You could do something along these lines:
import requests
import pandas as pd
pd.set_option('display.max_columns', None)
pd.set_option('display.max_colwidth', None)
headers = {'User-Agent': 'registr#jh.edu'}
r = requests.get('https://www.sec.gov/Archives/edgar/data/1127993/0001091818-21-000003.txt', headers=headers)
dfs = pd.read_html(str(r.text))
for x in range(len(dfs)):
if dfs[x].apply(lambda row: row.astype(str).str.contains('Cash and Cash Equivalents').any(), axis=1).any():
df = dfs[x]
df.dropna(how='all')
new_header = df.iloc[2]
df = df[3:]
df.columns = new_header
display(df) ## or print(df) if you're not in a jupyter notebook
This will return two dataframes, with tables #37 and respectively #71. You may need to improve the table header detection, as only table #71 will come out with proper headers (years).
I tried to look at the second url, however it was hanging for me (huge page).

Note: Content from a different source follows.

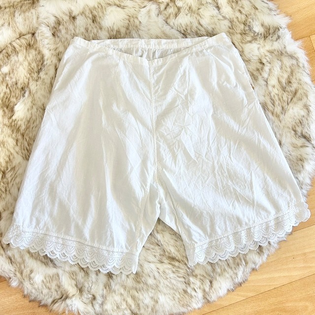 ドロワーズパンツ。膝丈で、後ろのボタンでとめるタイプのパンツです。シンプルですが、裾のレースが可愛い1枚です。デニムパンツの上などレイヤードにオススメです。 ❁素材 :おそらくコットン ❁カラー:白 ❁サイズ:着丈 約50cm ウエスト 約66cm 股上 約35cm 股下 約14cm 裾幅 約30.5cm ❁状態:特に目立った汚れや傷はありません。 ❁管理番号:P1-70 ≪注意事項≫ ☾ 採寸に関しましてはなるべく誤差のないよう心掛けていますが、若干のズレが生じる場合がございますのでご容赦ください。 ☾ 商品画像はできる限り実物に近い色を再現するよう努めておりますが、お使いのPCや携帯電話の環境により、実物と異なる場合もございますのでご了承ください。 ☾ 掲載されております商品は基本的には1度誰かが大切に使用していたものであり、何年もの時を経てきたものになります。ダメージやリペア跡についてはできる限り記載するよう努めておりますが、気にならないようなものについては省略させていただく場合もございます。 ☾ 古着という観点からご購入後のキャンセルは原則的にお受けできませんので、ご質問等はご購入前にしていただき、よくご理解ご確認の上ご注文いただきますようお願いいたします。

The printout in terminal will look something like this:
NaN NaN 2020 NaN 2019
3 Cash Flows from Operating Activities NaN NaN NaN NaN
4 Net loss NaN $(13,134,778) NaN $ (2,017,347)
5 Adjustments to reconcile net loss to net cash used in operating activities: NaN NaN NaN NaN
6 Depreciation and amortization NaN 84940 NaN 7832
7 Amortization of convertible debt discounts NaN 74775 NaN 60268
8 Accretion and settlement of financing instruments NaN NaN NaN NaN
9 and change in fair value of derivative liability NaN 1381363 NaN (1,346,797)

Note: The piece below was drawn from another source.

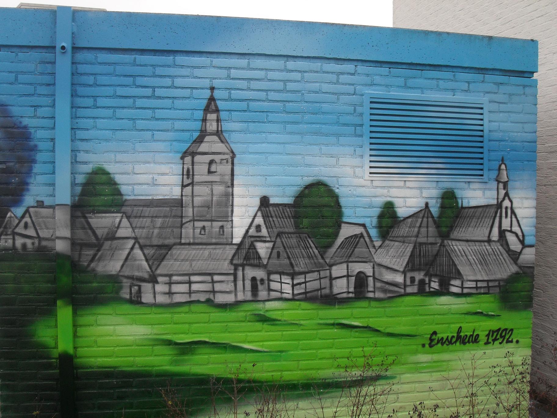 Wandbeschildering gemaakt aan de zijkant van de brug,

10 Stock compensation and stock issued for services NaN 2870472 NaN -
11 Stock issued under Put Purchase Agreement NaN 7865077 NaN -
12 NaN NaN NaN NaN NaN
13 Changes in assets and liabilities: NaN NaN NaN NaN
14 Accounts receivable NaN (696,710) NaN 82359
15 Inventories NaN (78,919) NaN 304970
16 Accounts payable NaN (1,462,072) NaN (22,995)
17 Accrued expenses NaN (158,601) NaN (346,095)
18 Deferred revenue NaN 431147 NaN (91,453)
19 Net cash used in operating activities NaN (2,823,306) NaN (3,369,258)
20 NaN NaN NaN NaN NaN
21 Cash Flows from Investing Activities NaN NaN NaN NaN
22 Acquisition of business, net of cash NaN - NaN 2967918
23 Purchases of property and equipment NaN - NaN (17,636)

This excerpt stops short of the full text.